How to match text in two different file and extract values

Question:

So I have two files. One yaml file that contains tibetan words : its meaning. Another csv file that contains only word and it’s POStag. As below:

yaml file :

ད་གདོད: ད་གཟོད་དང་དོན་འདྲ།
ད་ཆུ: དངུལ་ཆུ་ཡི་མིང་གཞན།
ད་ཕྲུག: དྭ་ཕྲུག་གི་འབྲི་ཚུལ་གཞན།
ད་བེར: སྒྲིབ་བྱེད་དང་རླུང་འགོག་བྱེད་ཀྱི་གླེགས་བུ་ལེབ་མོའི་མིང་།
ད་མེ་དུམ་མེ: དམ་དུམ་ལ་ལྟོས།

csv file :

ད་ཆུ PART
ད་གདོད DET

Desired output:

ད་ཆུ PART དངུལ་ཆུ་ཡི་མིང་གཞན།
ད་གདོད DET ད་གཟོད་དང་དོན་འདྲ།

Any idea on how to make text match from csv file to yaml file and extract its meaning in csv?

Asked By: lungsang

||

Answers:

The easiest solution that came to my mind would be iterating over all lines in the YAML-file and checking if the word is inside the CSV-file:

YAML_LINES = "ད་གདོད: ད་གཟོད་དང་དོན་འདྲ།nད་ཆུ: དངུལ་ཆུ་ཡི་མིང་གཞནnད་ཕྲུག: དྭ་ཕྲུག་གི་འབྲི་ཚུལ་གཞནnད་བེར: སྒྲིབ་བྱེད་དང་རླུང་འགོག་བྱེད་ཀྱི་གླེགས་བུ་ལེབ་མོའི་མིང་།nད་མེ་དུམ་མེ: དམ་དུམ་ལ་ལྟོས།".split("n")
CSV_LINES = "ད་ཆུnད་གདོད".split("n")


for line in YAML_LINES:
    word, meaning = line.split(": ")

    if word in CSV_LINES:
        output = word + " " + meaning
        print(output)

The YAML_LINES and CSV_LINES lists are only to provide a quick and dirty example.

Answered By: noah

Assuming your files are called dict.yml and input.csv.

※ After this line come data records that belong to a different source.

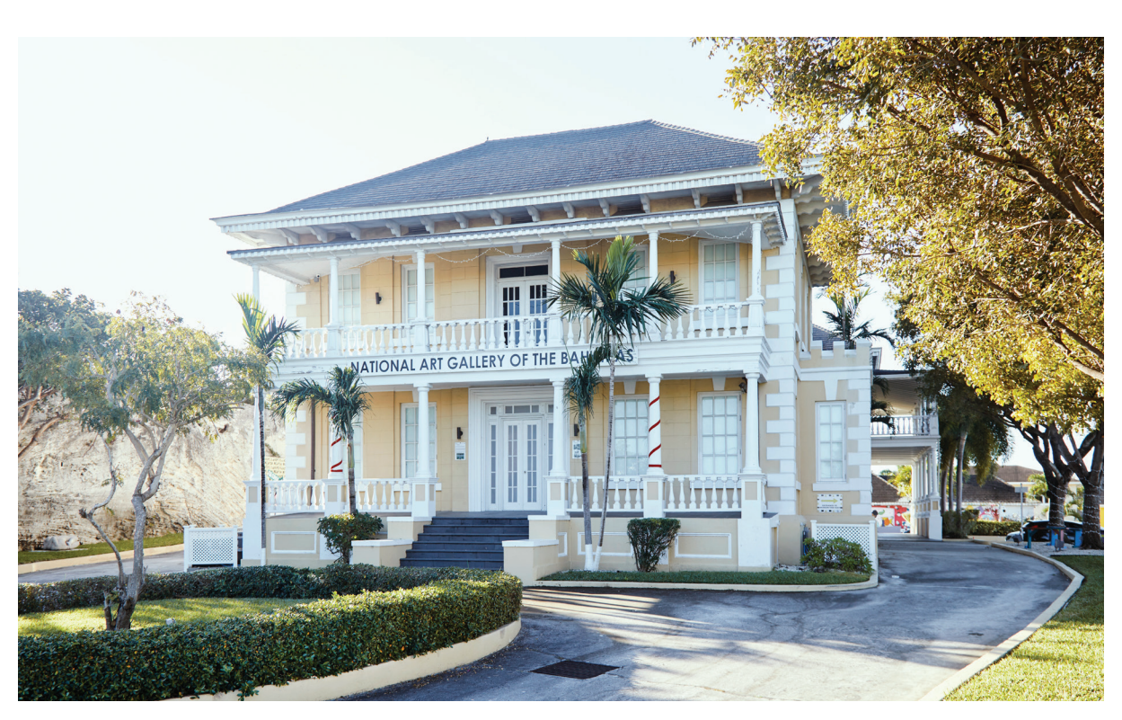
17 NATIONAL ART GALLERY OF THE BAHAMAS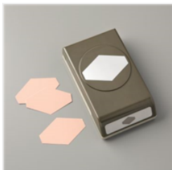
Tailored Tag Punch - 145667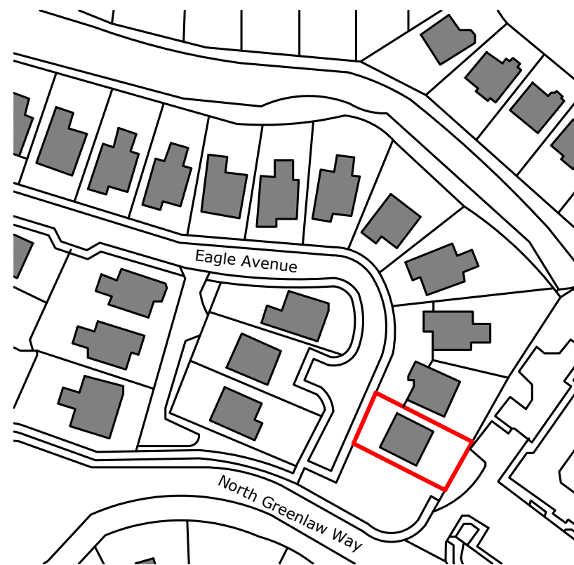
Location Plan SCALE 1:1250 0 10m 50m N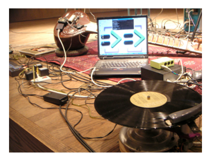
Figure 6. ESitar controller using ChucK to communicate with Trimpin's eight robotic turntables.

Experiments with the ESitar controller [6] using ChucK opened many new avenues for experimentation. As described in [6], the controller takes both the natural audio signal from the traditional instrument as well as control data from a variety of sensors and uses both streams to process and synthesize sound. Using ChucK program modules, we recorded synchronized audio and controller input and then played back the streams in ChucK to tweak parameters on-the-fly in the mapping algorithms until the desired effect was obtained. Experiments with comb-filters, delay lines, ring modulation, and controlling moog synthesizers all proved to be successful and straightforward to implement and control.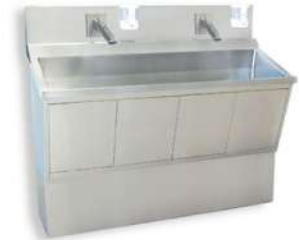
Double Station Scrub Sink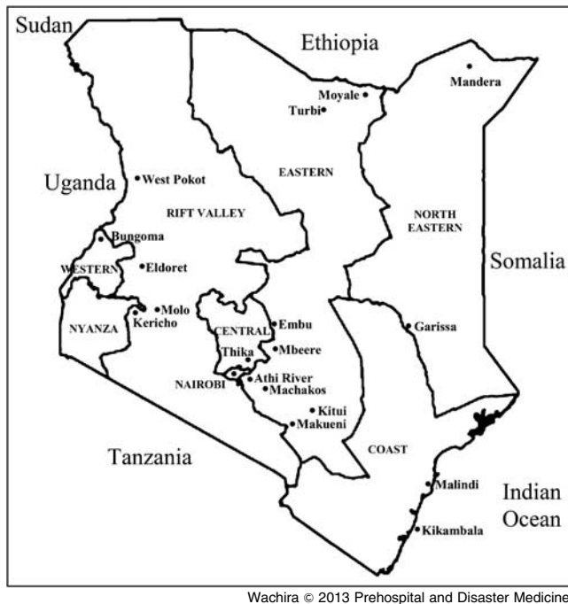
Wachira © 2013 Prehospital and Disaster Medicine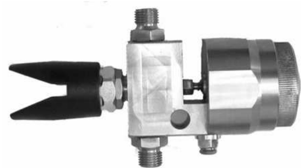
Automatic airless spray gun (Code: A1227024A)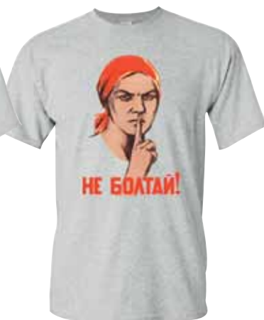
Don't Talk $12.99

148221 - S 148223 - L 148222 - M 148224 - XL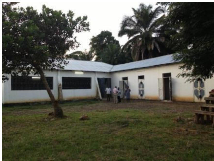
Our main warehouse / Kiela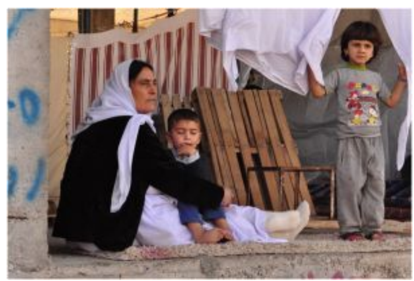
37 families sheltered in an unfinished building within Duhok City.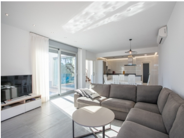
Lightflooded living and dining area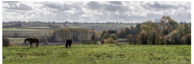
12c. From Chapmans Lane, south to North Aston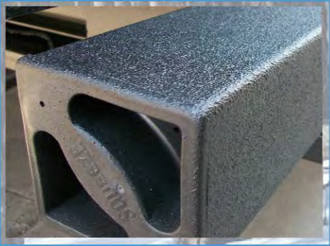
Rugged Armor Guard Protected Rear Bumper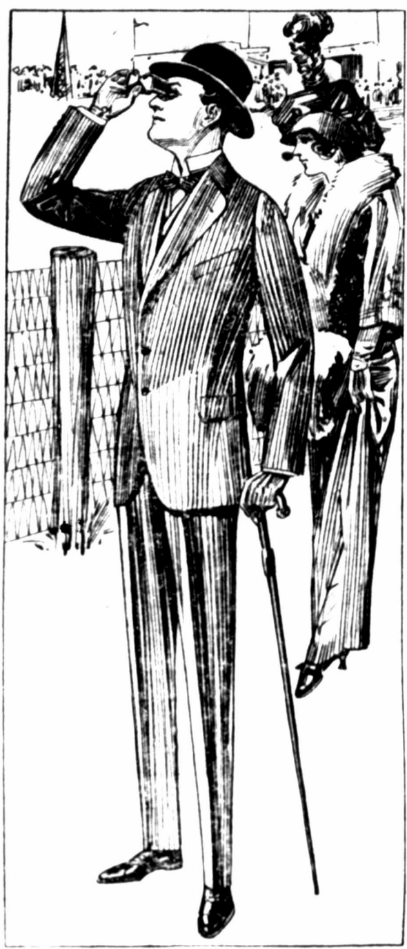
SCHLOSS BALTIMORE CLOTHES

You'll wonder when you see them, how we were able to get such splendid fabrics these war times for, as everyone knows, honest sturdy woollens are hard to get, right now.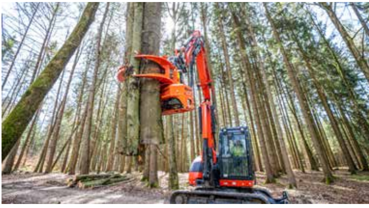
Sophisticated, strong gripper.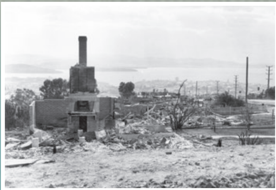
The scene in Forest Rd provided a stark reminder of the destruction for months to come.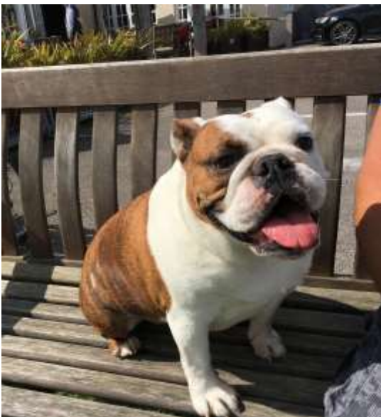
Bow ~ A 3 year old English Bulldog who popped in for a drink before heading to the Annual Bulldog Picnic down the hill!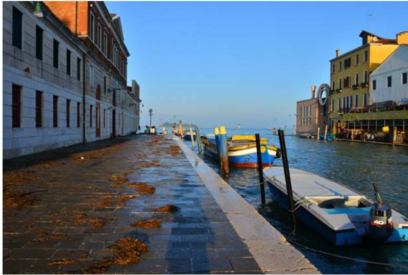
Seaweed washed up from oct 31 2012 high water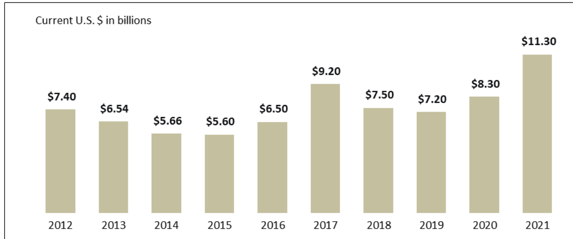
Figure 1. Israel's Annual Arms Exports: 2012-2021

Source: Created by CRS. Information from Israel Ministry of Defense, International Defense Cooperation Directorate (SIBAT), as reported by various media sources.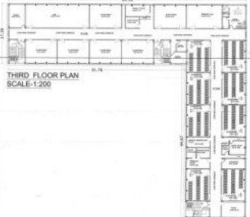
THIRD FLOOR PLAN SCALE-1:200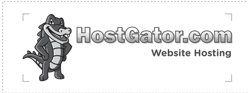
Faded Horizontal Version Minimum Width 200x65 px

This section shows acceptable layouts for Faded Logos. Faded Logos can be used for web pages, promotionals, rollover images, and more.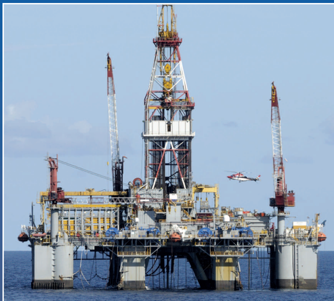
Xylan offers multiple benefits for oil rigs...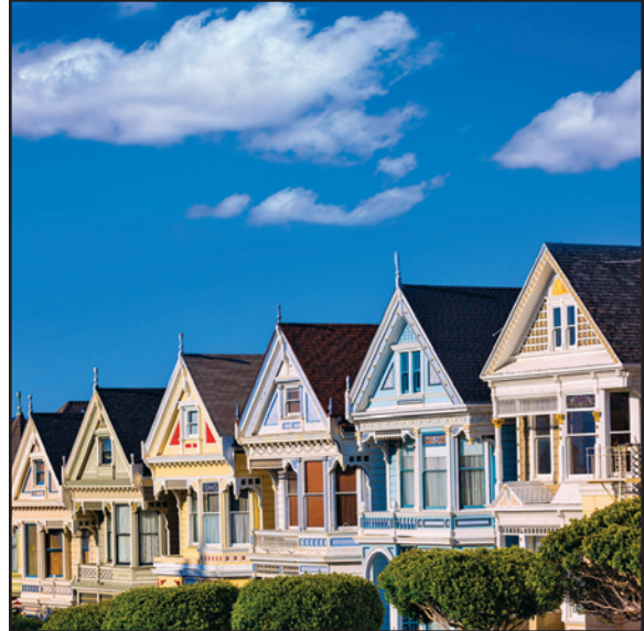
San Francisco's famous Victorian "painted ladies".

Golden Gate Park, established in 1871, is one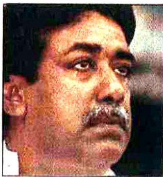
A CORRESPONDENT, N'ganj

In the first-ever verdict in a case filed by the reformed Anti-corruption Commission (ACC), a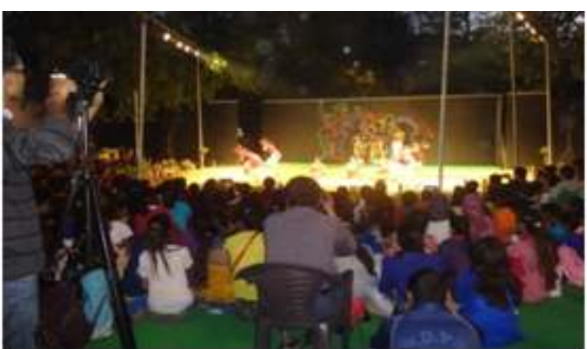
▲ An enjoying Bus Ride The Regional Dance show

• Impact Day celebration: The Gurgaon based Corporate, Deloitte Group of Companies celebrated Impact Day, with Ugta Suraj children. On 27 November 2015, around 35 Deloitte volunteers reached Nithari centre to engage with children in various fun activities.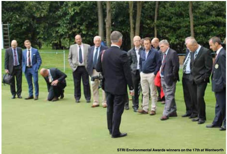
STRI Environmental Awards winners on the 17th at Wentworth

2013 has been hectic year so far for BIGGA and for me in my travels around the Regions and Sections, so a slightly quieter month has come as a welcome change. I was pleased to have the opportunity to attend a Midlands Region board meeting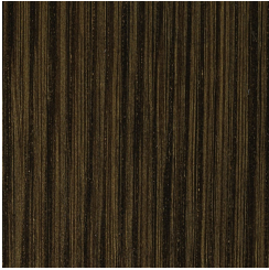
Oak veneered Dyed Wengé wood - Glossy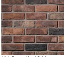
High Desert Used Brick (CB-418953)

To see our full product line visit www.culturedstone.com

You can start by turning the yaml file into a dictionary with

import yaml

with open('dict.yaml', 'r') as file:
    trans_dict = yaml.safe_load(file)

Which should give you

>>> trans_dict

{'ད་གདོད': 'ད་གཟོད་དང་དོན་འདྲ།',
 'ད་ཆུ': 'དངུལ་ཆུ་ཡི་མིང་གཞན།',
 'ད་ཕྲུག': 'དྭ་ཕྲུག་གི་འབྲི་ཚུལ་གཞན།',
 'ད་བེར': 'སྒྲིབ་བྱེད་དང་རླུང་འགོག་བྱེད་ཀྱི་གླེགས་བུ་ལེབ་མོའི་མིང་།',
 'ད་མེ་དུམ་མེ': 'དམ་དུམ་ལ་ལྟོས།'}

Then, you can iterate over the lines in the CSV and use the dictionary to get the definition:

outputs = []
with open('text.txt', 'r') as file:
    for line in file:
        term = line.strip()
        definition = trans_dict.get(term.strip())
        outputs.append(
            term if definition is None 
            else f"{term} {definition}"
        )

From here, your outputs variable should contain ['ད་ཆུ དངུལ་ཆུ་ཡི་མིང་གཞན།', 'ད་གདོད ད་གཟོད་དང་དོན་འདྲ།']. If you optionally wanted to write this out to a file, you could do

with open('output.txt', 'w') as file:
    file.write('n'.join(outputs))

If you had more tokens on each line of the CSV (unclear from your post), you could iterate over those tokens within a line, but you’d be able to apply basically the same approach.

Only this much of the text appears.